Sunday, March 18, 2012

Taking a break from parenting, and endorsing gouging credit card companies, Alec Baldwin trumpets circus boycott over elephant abuse

'Why is there never any mention of the extreme conscientiousness, and not that money matters to them when it come's to animal care, but also costly effort Ringling Bros. has taken to provide superior padding on the rope's for protection of any possibility of discomfort against any possible burn/abrasion?

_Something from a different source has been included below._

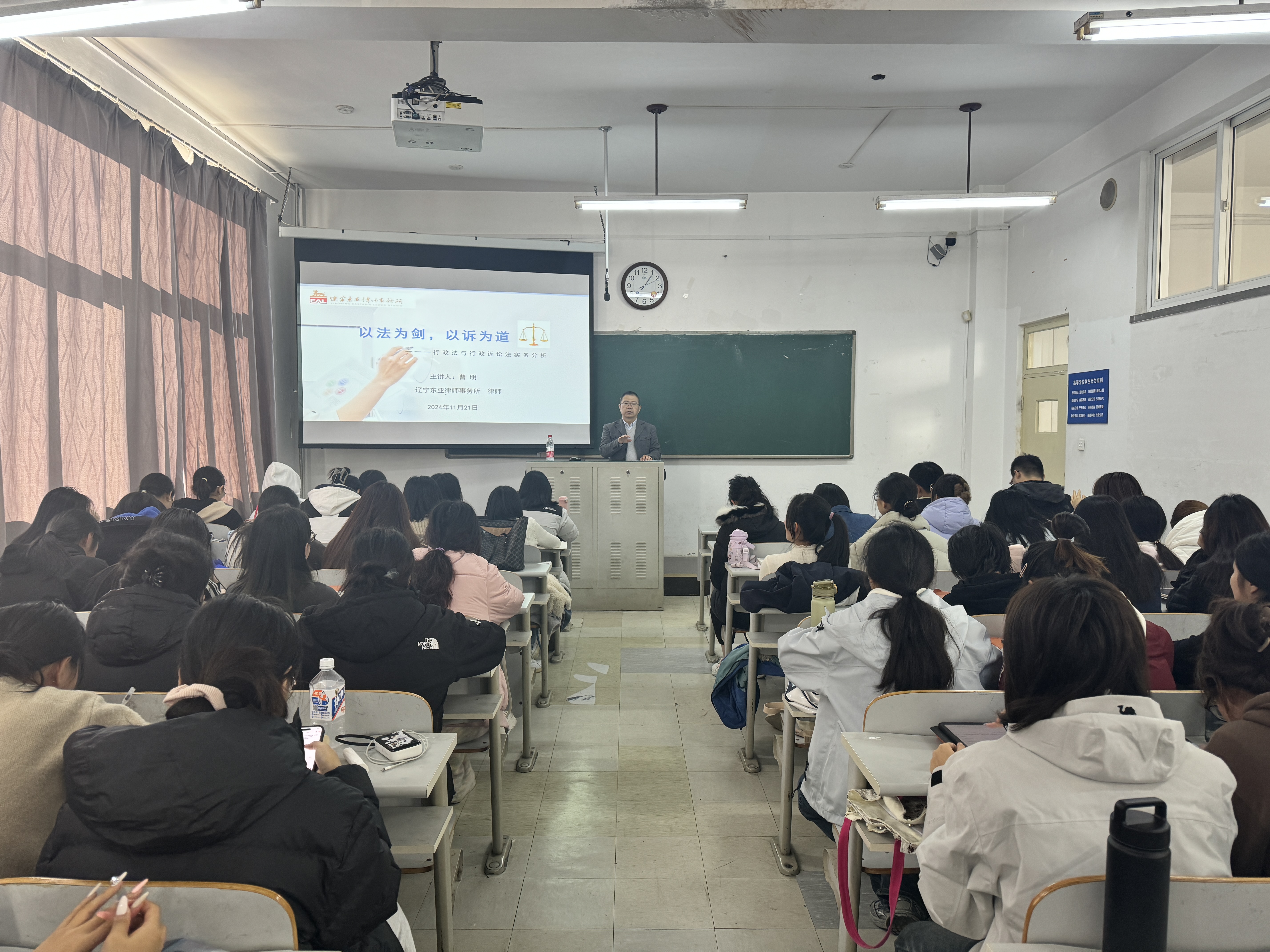 11月21日下午,365英国上市公司开展2022级法学专业本科生行政法与行政诉讼法实践教学活动,公司邀请辽宁东亚律师事务所曹明律师为员工讲授“以法为剑,以诉为道--行政法与行政诉讼法实务分析”讲座。讲座由365英国上市公司裴兆斌教授主持。

Why can nitwit's only see a non existent "shocker?" Why does that hook laid(resting is an appropriate term also) against the elephants neck, exactly as a spur is laid against a horse's ribs to remind it not to lean on your leg or go in that direction(in the case of the elephant that would be up, as he has been asked to go down) look to people with an agenda as "gouging?"

Battlin’ Alec Baldwin is at war again — and it’s not his ex-wifeKim Basinger or an airline that caught him playing “Words With Friends.”

This time, it’s the circus.

The “30 Rock” star headlines a four-minute YouTube campaign urging Americans to boycott “The Greatest Show on Earth” because of what he alleges is poor treatment of their elephants.

“Having worked with actors for many years, it’s hard to believe that anyone would have to be dragged kicking and screaming into show business,” Baldwin says in video posted by People for the Ethical Treatment of Animals.

“But for the elephants for Ringling Bros. and other circuses, that’s exactly what happens.”

Baldwin joins a long list of celebrities, including Jada Pinkett Smith and Ashley Judd, who have spoken out against elephant mistreatment.

In the video, he cites PETA’s multi-state investigation of Ringling Bros., first reported by the Daily News in 2009, that includes undercover video footage of animal handlers beating elephants with metal-tipped bull hooks “just moments before they walked onstage.”

There’s nothing as egregious being alleged now by the organization, but PETA senior vice president Dan Mathews, did call attention to the plight of Siam, a 34-year-old elephant still in Ringling’s shows who they say has been limping and is in pain.

Stephen Payne, a spokesman for the famed circus group, which is performing at the Meadowlands through Sunday, lashed back at PETA for distorting their record and for rehashing the 2009 video.

“The health and vitality of our animals is something we can showcase at every Ringling Bros. performance,” said Payne. “We invite families everywhere to come and see for themselves how all the animals are thriving at ‘The Greatest Show On Earth.’ ”

The drive to stop using wild animals in circuses has accelerated around the world. Britain banned the use of elephants and may add tigers, zebras and camels to the list.

And while Ringling Bros. has admitted no wrongdoing, Feld Entertainment, its parent company, agreed in November to pay a $270,000 civil penalty to the U.S. Dept. of Agriculture to settle government claims of animal mistreatment.